Ao se servir do “mensalão” de Marcos Valério, o lulismo visava a
controlar a Casa das Leis. Talvez não pensasse que a própria denúncia
do esquema acabaria por contribuir, ainda mais, para a desmoralização
da instituição parlamentar. As CPIs atraíram grande atenção do
público para duas pusilanimidades: a do PT e dos seus agentes e a da
“pizza”, que acabou acontecendo - e prevalecendo aos olhos do
público. O Congresso saiu mais desmoralizado do que o próprio PT e do
que o chefe do PT.
Há um lucro colateral que ainda vai ser contabilizado pelos
estrategistas do lulismo: a desmoralização da Procuradoria Geral da
República, que representou contra 40 falcatrueiros, e da CPI dos
Bingos, que indiciou 79 malandros. Nem os 40 nem os 79 vão sofrer
nada. Por quê? Porque as duas coisas irão ao Supremo Tribunal Federal
(STF).

E nós já vimos em andamento a tática de desgaste do Judiciário, que
para ser armada exigiu o prévio “aparelhamento” do STF. Disso se
encarregou pessoalmente o chefe. Dos 11 ministros, 6 são indicação
sua. E o ministro da Justiça, Márcio Thomaz Bastos, em artigo
publicado quarta-feira no Estado (O novo Supremo), se incumbia de
responder, antecipadamente, às suspeitas a respeito da isenção do
STF: “O risco” - diz ele - “de aparelhamento do Supremo por um
determinado presidente é controlado justamente pela necessidade de
aprovação da indicação pelo Senado Federal, que, se não tem o hábito
de rejeitar indicações (grifo nosso), exerce um papel dissuasório na
eventual intenção do Executivo de realizar indicações inapropriadas”.
E o Senado é, por acaso, imune a “aparelhamentos”?

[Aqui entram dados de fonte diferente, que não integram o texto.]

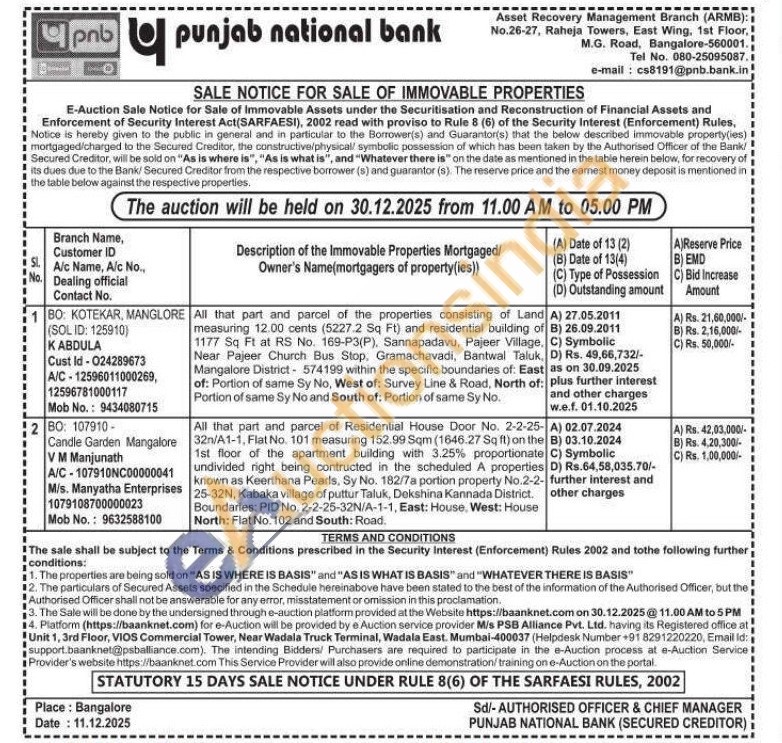 1)All that part and parcel of the properties consisting of Land measuring 12.00 cents (5227.2 Sq Ft) and residential building of 1177 Sq Ft at RS No. 169-P3(P), Sannapadavu, Pajeer Village, Near Pajeer Church Bus Stop, Gramachavadi, Bantwal Taluk, Mangalore District 574199 within the specific boundaries of: East of: Portion of same Sy No, West of: Survey Line & Road, North of: Portion of same Sy No and South of: Portion of same Sy No

Essas e outras doutas ponderações do nosso ministro, no referido
artigo, o tornam, desde já, candidato a ingressar na ilustre linhagem
de juristas pátrios que, desde o venerável doutor Francisco Campos
(apelidado Chico Ciência), de Getúlio Vargas, passando por alguns ex-
professores meus, como Gama e Silva e Alfredo Buzaid, formam no
denodado escrete dos garimpeiros de doutrinas legitimadoras de
interrupções da democracia.

Outra decisiva instituição nacional vem sendo desafiada desde que o
nosso presidente, dizendo não saber se seria ou não candidato à
reeleição, iniciou uma nada disfarçada campanha eleitoral, ao arrepio
da lei. Cada inauguração, cada comparecimento desnecessário a eventos
banais, cada conjunto de fotos levantando os braços para comemorar
coisa nenhuma, cada cena de TV afagando criancinhas em paragens
remotas são meios de testar o tutano da Justiça Eleitoral - como o
reajuste de servidores, que opôs os dois presidentes: o da República
e o do Tribunal Superior Eleitoral (TSE), Marco Aurélio Mello.

Então, com o Legislativo, o Judiciário e o sistema eleitoral sendo
levados no bico e ao desgaste, desculpem-me os colegas do jornalismo
econômico - legitimamente preocupados com rombos no INSS, nas contas
públicas, na relação dívida/PIB, nas reservas cambiais e demais
problemas de uma administração séria -, mas o Grande Arrombamento,
que decisivamente determinará os destinos deste país, é o que está
sendo cavilosamente cavado na imagem pública das instituições que nos
garantem o status internacional de nação democrática.